Rafael Crame y Pérez de Tagle (October 2, 1863 - January 1, 1927) was a Filipino Constabulary officer who served as Chief of the former Philippine Constabulary from 1917 until his death in 1927.

Early life and education
Rafael Crame was born in Malabon, Province of Manila (now part of Metro Manila) to Don Rafael María de Crame y González Calderon, an artillery officer in the Spanish Army in the Philippines, while his mother was Maria Perez de Tagle. His grandfather was Joaquín Rafael de Crame (b. 1786) who was Governor-General of the Philippines in 1835.

Crame studied at the Ateneo Municipal de Manila and then enrolled in the Spanish military academy from 1879 up to 1881.

Career
Upon completion of his cadetship, he was employed by the Spanish government in the Negociado de Contribución Territorial.
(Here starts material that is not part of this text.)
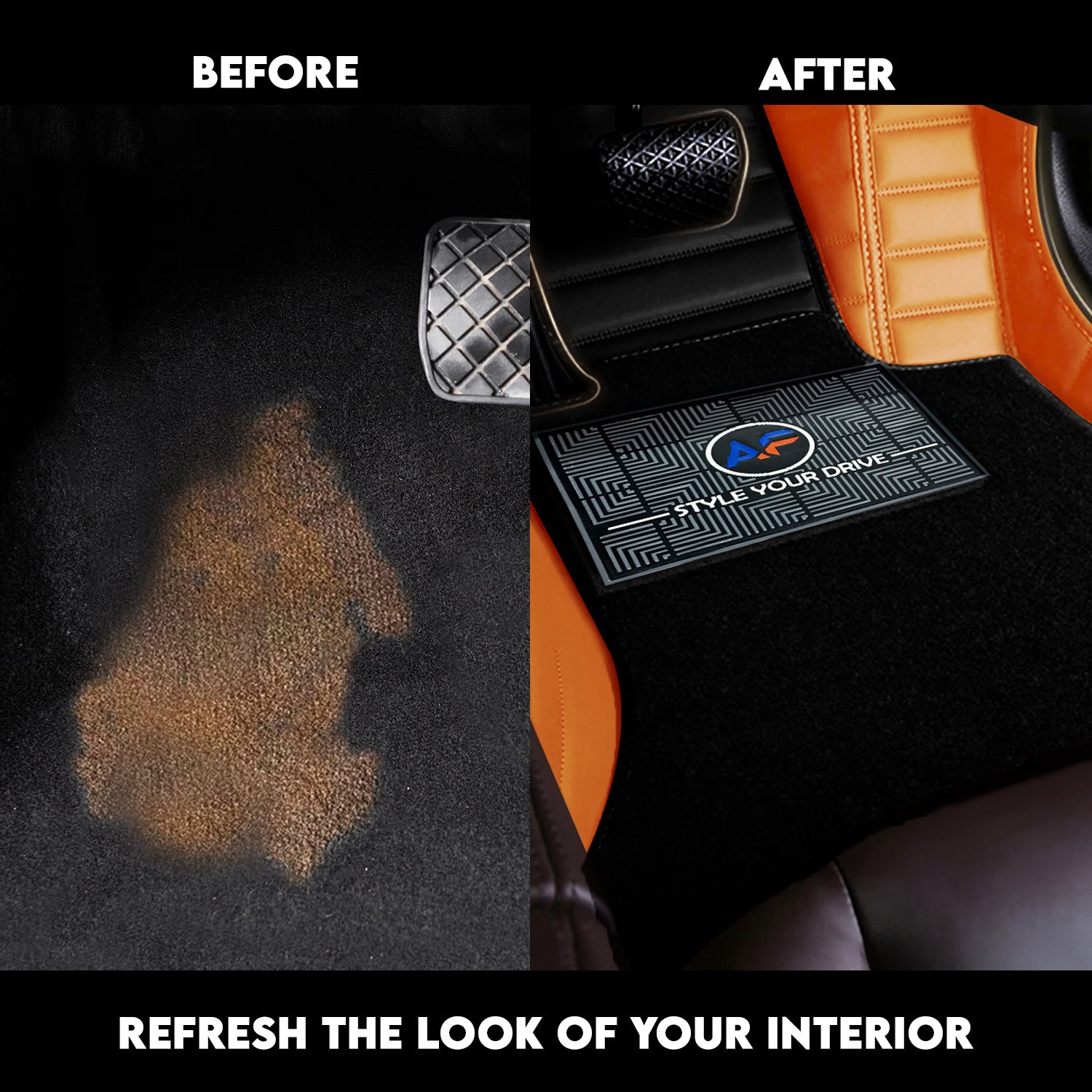 A Luxurious Combination of Style, Class, Comfort and Protection for your car is here. Autofurnish presents an exclusive range of 9D Luxury Custom fitted car mats taking Interior Auto Luxury to the Next Level. These car loor mats are crafeted with a perfect match to the interior colors of your car. Our Advanced Performance 9D foot mats are Tested for Extreme Conditions to Ensure they Don't Split, Slip or Deform. Autofurnish 9D mat has Anti Slip coated bottom layer to ensure that Mat Does not Move - Spike Mat on Top Give your Foot Traction & Comfort, Luxury styling with a Quality fitted finish. Digitally Design Match with Each Vehicle Application & Raised Edges Give Maximum Coverage. Made with highly durable material & uncompromised superior quality, it’s custom fit gives ultimate 9-Depth Layer Protection to the car’s original carpet. These 9D mats are for all-weather protection and can withstand water, mud, chemicals and feature a unique anti-skid surface, keeping the mat in place. The protective non-stick finish of the mats and the raised side walls keep fluids, mud, and sand off your vehicle carpet. Our mats made of engineered thermoplastic so they will not curl or crack.
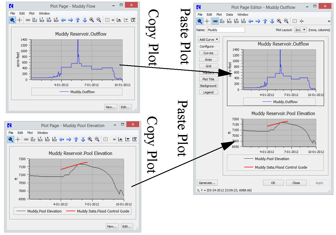 All configuration for a Plot Page is carried out in the Plot Page Editor. You can plot series slots, table slots, scalar slots, and periodic slots. Series slots can be plotted with time on the x-axis, or two series slots can be plotted against each other. Multiple curves can be plotted on the same plot (set of axes), and multiple plots can be shown in different panels of a Plot Page.

He was a government official in the Administración de Hacienda Pública when the Philippine Revolution broke out in 1896. He served in a battalion consisting of volunteer forces organized by the Spanish armed forces.

Crame joined the Philippine Constabulary in 1902. He was invited to join by a certain Captain Alkinson. Crame started off with the rank of fourth class inspector but gradually rose from the ranks to become a colonel by 1914. In December 1917, Crame was named as chief of the Constabulary and attained the rank of brigadier general.

The American Medal of Valor was awarded to him for helping quash a mutiny in Manila in 1921. He was said to have declined the citation when he said, “I only did my duty."

Recognition
Crame is recognized for being the first Filipino to become chief of the Philippine Constabulary.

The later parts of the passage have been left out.